Almost every global brand cultivates a different look, a different approach, a different taste, or a different name in 30 percent of its markets. If the world weren’t as connected as it is today, you would blame these local variations on a lack of communication between countries. Or perhaps you’d think isolation in some markets gave brands freedom from their corporate headquarters and consequently allowed brand variation. In the past, both these scenarios have contributed to brand variation. In reality, there was no need for a brand to speak with a global voice. Before the advent of global media, the benefits of speaking with a single voice would have been negated by the fragmentations caused by broadcast limitations.
But the reality has changed. We do have global TV, global newspapers, global magazines, and the Internet. In fact, we have so much global communication going on that most countries are banning global materials on their TV and radio broadcasts. France, for example, is banning the use of certain English words on radio, on television, and even in contracts between companies.

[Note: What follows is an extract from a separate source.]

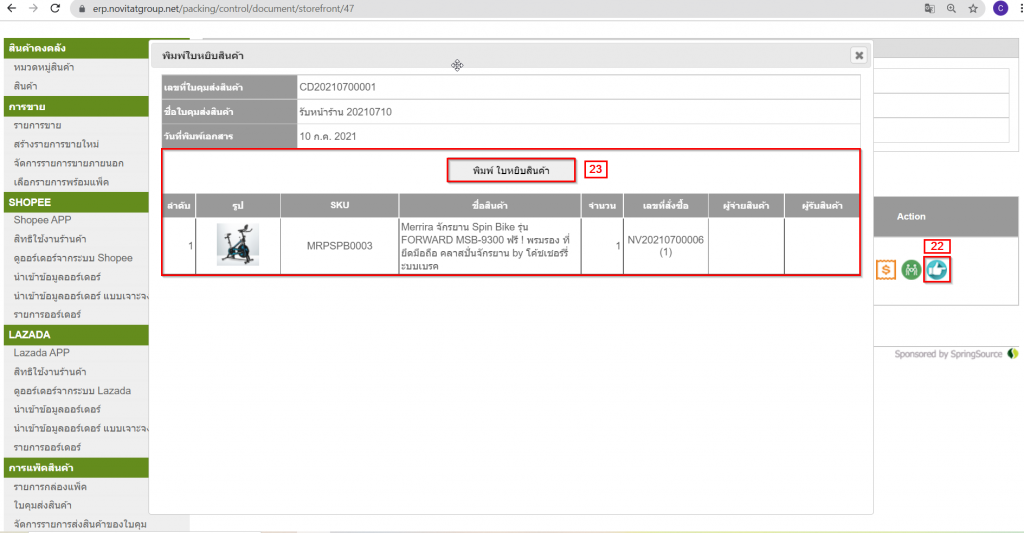 22. กดที่ไอคอน พิมพ์ ใบหยิบสินค้า

So here’s the massive irony: While the world’s discrete cultures become more exposed to a world culture, via the agency of global communications, branding is becoming increasingly local.

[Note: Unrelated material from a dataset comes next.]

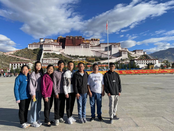饶舞林老师(左三)与盲人学生在布达拉宫广场
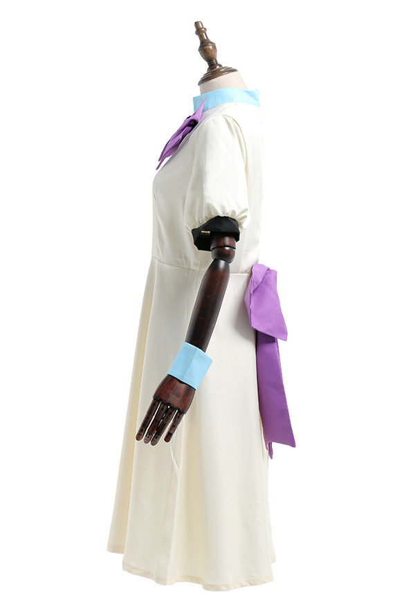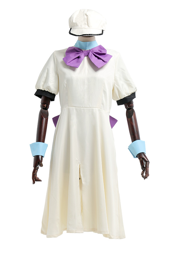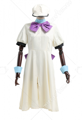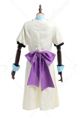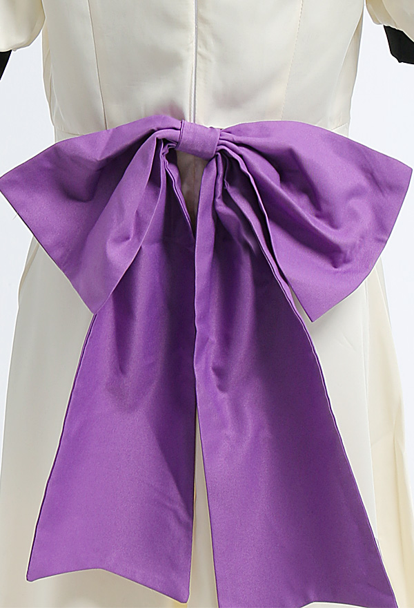 Costume Includes: dress, large bow, small bow, wrist support*2, stockings*2, hat. Material: polyester, mixture yarn. Design Details: The back and collar are beautifully decorated with bow. Cuff is a bubble sleeve design.

Just take MTV. You know the TV channel, right? Wrong. MTV is no longer one television channel. It is 30 different television channels, each with its own programming, content, style, and brand images. Each has been formulated according to the culture for which its signal is destined. The whole brand does exhibit shared values around the globe, but its local parts promulgate locally driven values that distinguish one station from the next. You could say that MTV has become global by deglobalizing. If the world were as global as communications imply that it could be, MTV wouldn’t be represented by 30 stations, but by 1. The fact is that cultural differences around the globe are still enormous, even amongst a narrow teen market.
Global branding is far from being truly global, in the way theory dictates it could be. Almost everyone in the Western world has access to the Internet and, therefore, has access to every brand that’s out there. But global branding is still a matter of balance between global and local values. It’s still a mixture of local culture and global attitude, of local traditions and global trends.
Don’t be fooled by the apparent reality. If you’re a manufacturer, service organization, or small business with international plans, your brand is far from global the day you emerge on the Internet. You’re present in a global environment, yes. But that’s just the beginning.
Take a brand like Starbucks, which, since its first store opened in Seattle in 1971, has expanded to more than 5,000 stores worldwide. One of Starbucks’s key global marketing plan commandments is to team up with local players to secure a local voice and, as a result, gain fast local penetration. Even the brand of all brands, McDonald’s, manifests local differences from country to country. In France, McDonald’s serves wine; in Denmark, it’s beer; in Australia, it’s McOz Burgers. By now, McDonald’s has developed a substantial local-product portfolio that has lent a necessary local twist to the global product and secured vital local acceptance.
So, be careful when you attack the world with your brand. Don’t be fooled by talk about a global market served by global media and cognizant of a global voice. It sounds great in theory. But the one-voice theory is far from being a global reality… just yet.